The same tests were run again with exactly the same parameters.

Response time

The following graph with time scale in milliseconds shows that the response time peaked at 1.28 seconds, whereas the average value was around 0.46 seconds.

This following graph with time scale in milliseconds shows there have been 1.02 transactions per second, of which the average response time for each of those transactions was around 563 milliseconds (approximately 0.56 seconds).

Transaction time

The following graph (time scale in milliseconds) is the breakdown of OLTP and OLAP transactions. The transaction time per run for OLAP queries like National Market Share Query (Q8) is 1.8 seconds, whereas it is 0.39 seconds for Promotion Effect Query (Q14).

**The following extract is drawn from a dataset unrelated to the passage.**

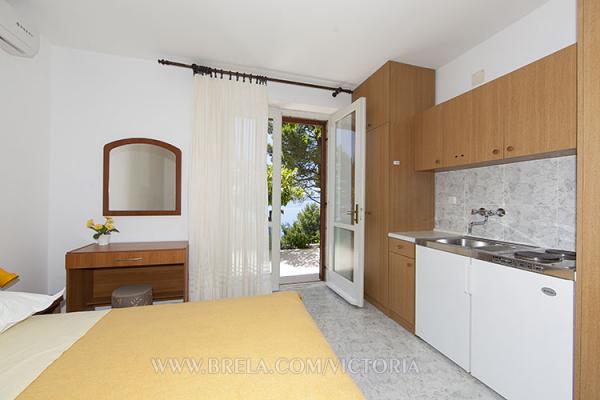 Victoria Apartments are located in a quiet part of Brela - Jardula, ideal for relaxation and escape from the hustle and bustle. We are only 30-50m from the sea. The beach can be reached in part and the stairs. Because of its location in the first and second row to the sea, the apartments have a view of the sea and the island of Brac. The apartments are located on the ground floor and first floor with balconies or terasom.Svi are air-conditioned and have free wi-fi and our guests are guaranteed a parking place. It offers double A4 3 apartment, brand new A2 2 apartments and apartments / studios for 2-3 persons. Only a few hundred meters from us are quality restauran and beach-bars.

However, it’s noteworthy that the OLTP transactions remain unaffected with a sub second response time of 0.001 seconds (1 millisecond).

Summary of results

The OLAP queries were 78.62% faster, whereas the OLTP transactions remained unaffected and still delivered sub second transaction times. The response time improved by 86.49% with an average of 1.02 transactions per second, as compared to 0.88 transactions per second when In-Memory is disabled.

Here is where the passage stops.